Blood transfusions. By increasing the number of circulating red blood cells, transfusions prevent or treat certain complications of sickle cell disease. In children, they help prevent stroke recurrence and enlargement of the spleen.
It is possible to repeat the transfusions, it is then necessary to be treated to reduce the blood iron level.
surgery
Various surgeries can be performed as problems arise. For example, we can:
– Treat certain types of organic lesions.
– Remove gallstones.
– Install a hip prosthesis in the event of hip necrosis.
– Prevent eye complications.
– Do skin grafts to treat leg ulcers if they do not heal, etc.
As for a bone marrow transplant, it is sometimes used in some children in case of very severe symptoms. Such an intervention can cure the disease, but it presents many risks without taking into account the need to find a suitable donor from the same parents.

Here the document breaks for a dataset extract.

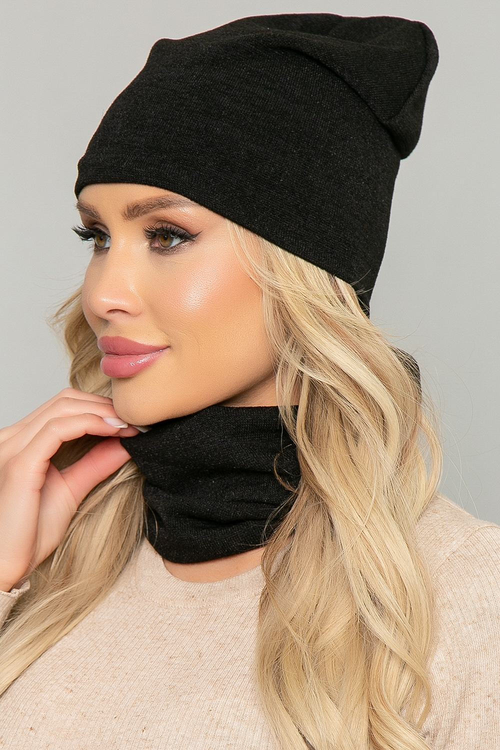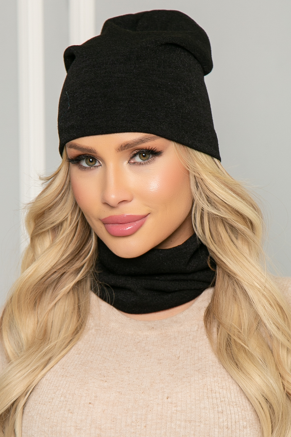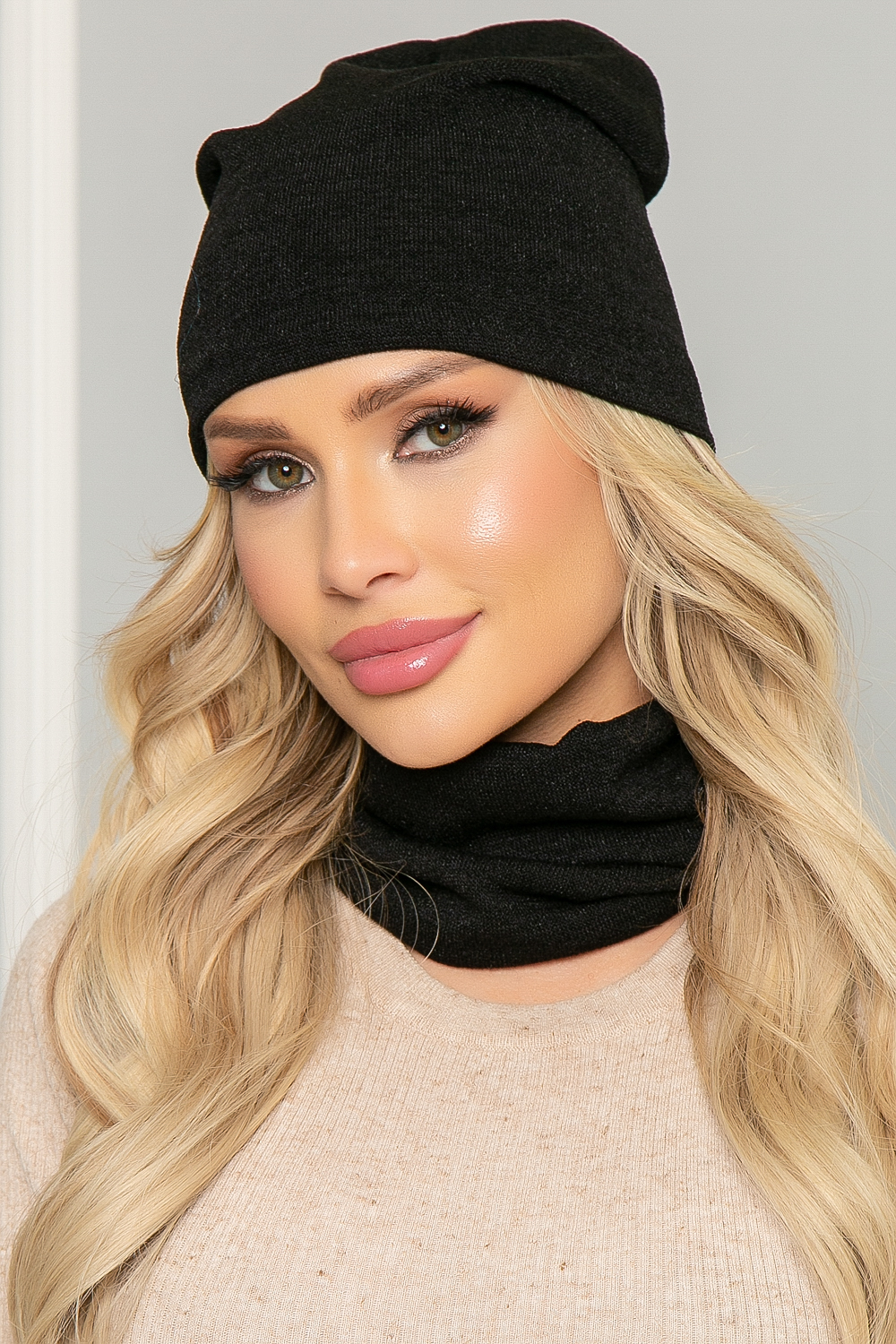Стильный трикотажный комплект в классическом чёрном цвете. Шапка имеет универсальную форму и подходит для любой формы лица. Можно носить с отгибкой и без. Однослойный снуд позволит защитить шею от ветра.

NB Several new treatments are under study. This is the case in particular with gene therapy, which would make it possible to render inactive or correct the faulty gene.
In prevention of complications
Incentive spirometer. To avoid pulmonary complications, those with severe back or chest pain may want to use an inducing spirometer, a device that helps them breathe more deeply.
antibiotics. Because of the serious risks associated with pneumococcal infections in affected children, they are prescribed penicillin from birth until the age of six. This practice has greatly reduced mortality in this age group. Antibiotics will also be used to prevent infections in adults.
vaccination. Sickle cell patients – children or adults – must protect themselves mainly against pneumonia, influenza and hepatitis. Routine vaccination is recommended from birth until the age of six.
In case of acute crisis
Pain relievers. They are used to combat pain in the event of an acute attack. Depending on the case, the patient may be satisfied with over-the-counter pain relievers or be prescribed more powerful ones.
Oxygen therapy. In the event of an acute attack or respiratory problems, the use of an oxygen mask makes it easier to breathe.
Rehydration. In the event of painful attacks, intravenous infusions may also be used.